(Material for this task begins)

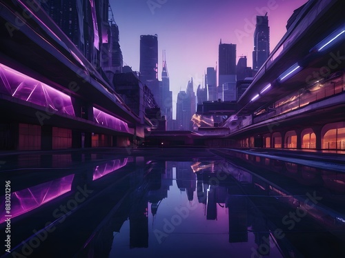 © MollahArif, Fototapeta premium Futuristic cityscape with neon lights and geometric buildings Generated by Ai
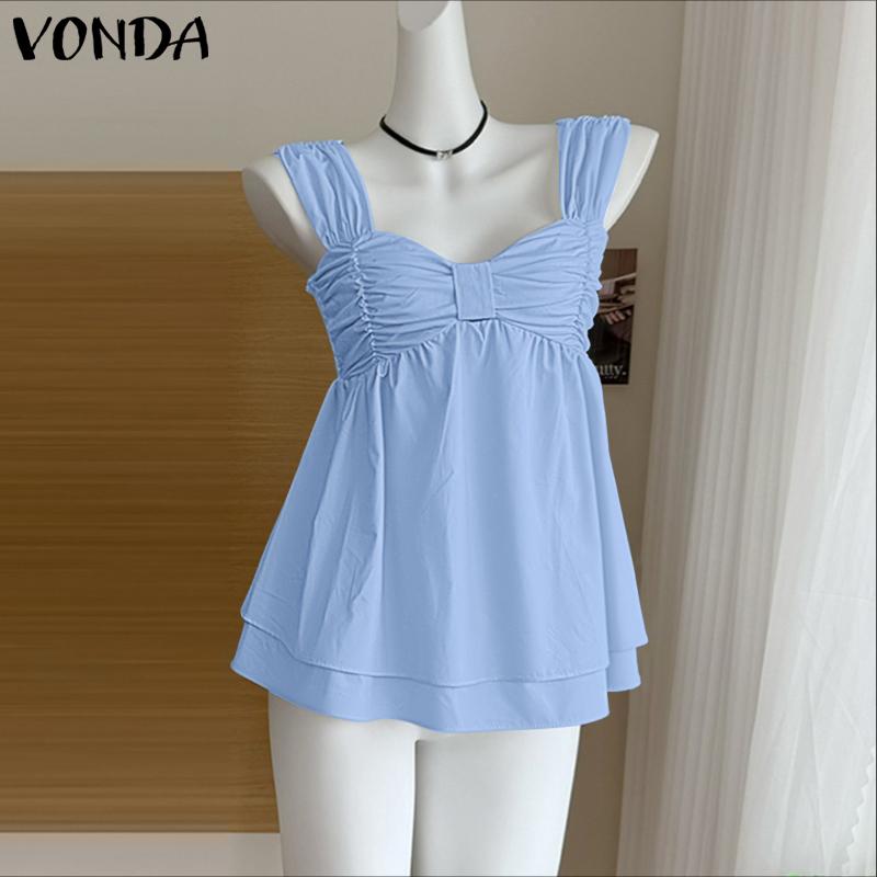 VONDA Women Strap Sleeveless Ruffled Back Elastic Casual Stretch Tank Tops
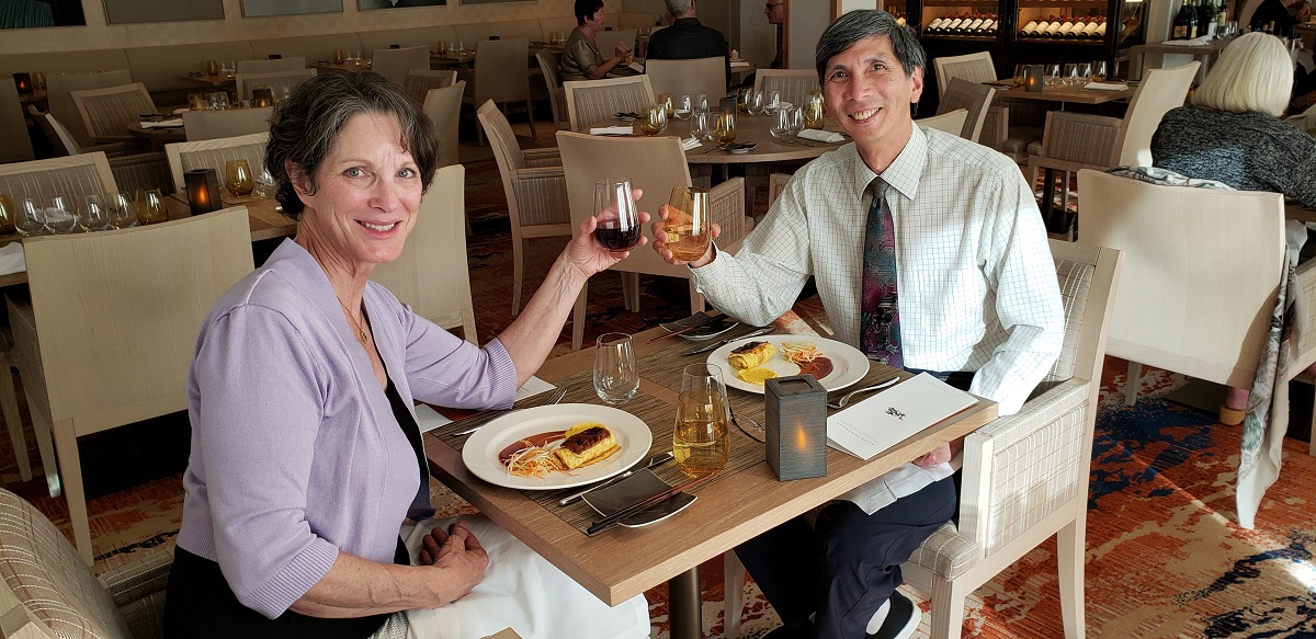 Back aboard ship at 1:30, our day only got better. Another responsibility for lecturers is to defer to the regular passengers. In addition to excursions, this applies to the specialty restaurants. We had good luck getting into Manfredi’s Italian Restaurant at the beginning of the cruise. Last night, we tried getting into the Chef’s Table specialty restaurant at short notice. Nicolas, the maître d’, said he had no openings but told us to come back tonight.
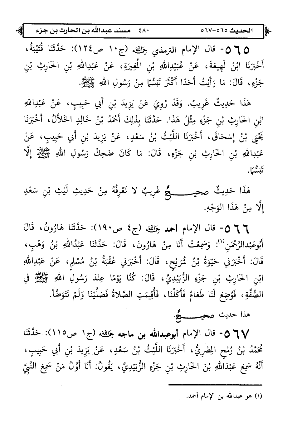 566 - قال الإمام أحمد رحمه الله (ج 4 ص 190): حَدَّثَنَا هَارُونُ -قَالَ أَبُو عَبْدِ الرَّحْمَنِ (1): وَسَمِعْتُ أَنَا مِنْ هَارُونَ-، قال: حَدَّثَنَا عَبْدُ اللهِ بْنُ وَهْبٍ، قَالَ: أَخْبَرَنِي حَيْوَةُ بْنُ شُرَيْحٍ، قَالَ: أَخْبَرَنِي عُقْبَةُ بْنُ مُسْلِمٍ، عَنْ عَبْدِ اللهِ بْنِ الْحَارِثِ بْنِ جَزْءٍ الزُّبَيْدِيِّ، قَالَ: كُنَّا يَوْمًا عِنْدَ رَسُولِ اللهِ صَلَّى اللهُ عَلَيْهِ وَعَلَى آلِهِ وَسَلَّمَ فِي الصُّفَّةِ، فَوُضِعَ لَنَا طَعَامٌ فَأَكَلْنَا، فَأُقِيمَتِ الصَّلَاةُ فَصَلَّيْنَا وَلَمْ نَتَوَضَّأْ».
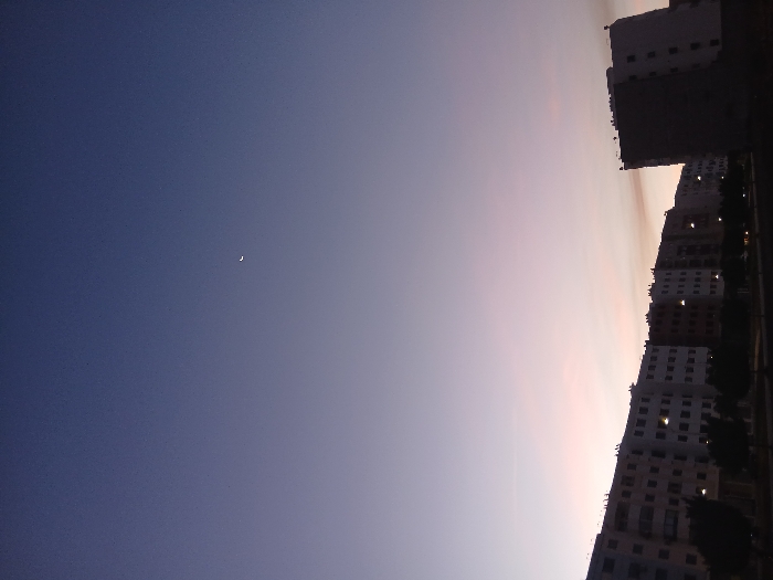 A serene evening scene features a crescent moon suspended in a gradient sky transitioning from deep blue to soft pink hues. Tall, illuminated buildings with multiple stories form a vertical line along the right side of the frame. Silhouetted trees line the street beside the buildings, adding depth and texture to the urban landscape. The photograph's composition emphasizes the quiet stillness of the moment.
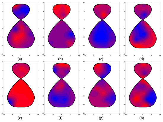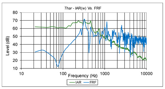 During the measurements, both acoustic pressure and velocity vibrations were collected and stored, as well as the excitation signal from the hammer. The modal analysis was undertaken for resonant frequencies up to 1 kHz. In addition, as described in Equation (3), the IAR was calculated in a second step for all three musical instruments.

(Material for this task ends)

### What this task involves
What the answer needs is every line from the one with "VONDA Women Strap" through the last line of the data, reproduced word for word and with pictures omitted.

### Answer space
 VONDA Women Strap Sleeveless Ruffled Back Elastic Casual Stretch Tank Tops
 Back aboard ship at 1:30, our day only got better. Another responsibility for lecturers is to defer to the regular passengers. In addition to excursions, this applies to the specialty restaurants. We had good luck getting into Manfredi’s Italian Restaurant at the beginning of the cruise. Last night, we tried getting into the Chef’s Table specialty restaurant at short notice. Nicolas, the maître d’, said he had no openings but told us to come back tonight.
 566 - قال الإمام أحمد رحمه الله (ج 4 ص 190): حَدَّثَنَا هَارُونُ -قَالَ أَبُو عَبْدِ الرَّحْمَنِ (1): وَسَمِعْتُ أَنَا مِنْ هَارُونَ-، قال: حَدَّثَنَا عَبْدُ اللهِ بْنُ وَهْبٍ، قَالَ: أَخْبَرَنِي حَيْوَةُ بْنُ شُرَيْحٍ، قَالَ: أَخْبَرَنِي عُقْبَةُ بْنُ مُسْلِمٍ، عَنْ عَبْدِ اللهِ بْنِ الْحَارِثِ بْنِ جَزْءٍ الزُّبَيْدِيِّ، قَالَ: كُنَّا يَوْمًا عِنْدَ رَسُولِ اللهِ صَلَّى اللهُ عَلَيْهِ وَعَلَى آلِهِ وَسَلَّمَ فِي الصُّفَّةِ، فَوُضِعَ لَنَا طَعَامٌ فَأَكَلْنَا، فَأُقِيمَتِ الصَّلَاةُ فَصَلَّيْنَا وَلَمْ نَتَوَضَّأْ».
 A serene evening scene features a crescent moon suspended in a gradient sky transitioning from deep blue to soft pink hues. Tall, illuminated buildings with multiple stories form a vertical line along the right side of the frame. Silhouetted trees line the street beside the buildings, adding depth and texture to the urban landscape. The photograph's composition emphasizes the quiet stillness of the moment.
 During the measurements, both acoustic pressure and velocity vibrations were collected and stored, as well as the excitation signal from the hammer. The modal analysis was undertaken for resonant frequencies up to 1 kHz. In addition, as described in Equation (3), the IAR was calculated in a second step for all three musical instruments.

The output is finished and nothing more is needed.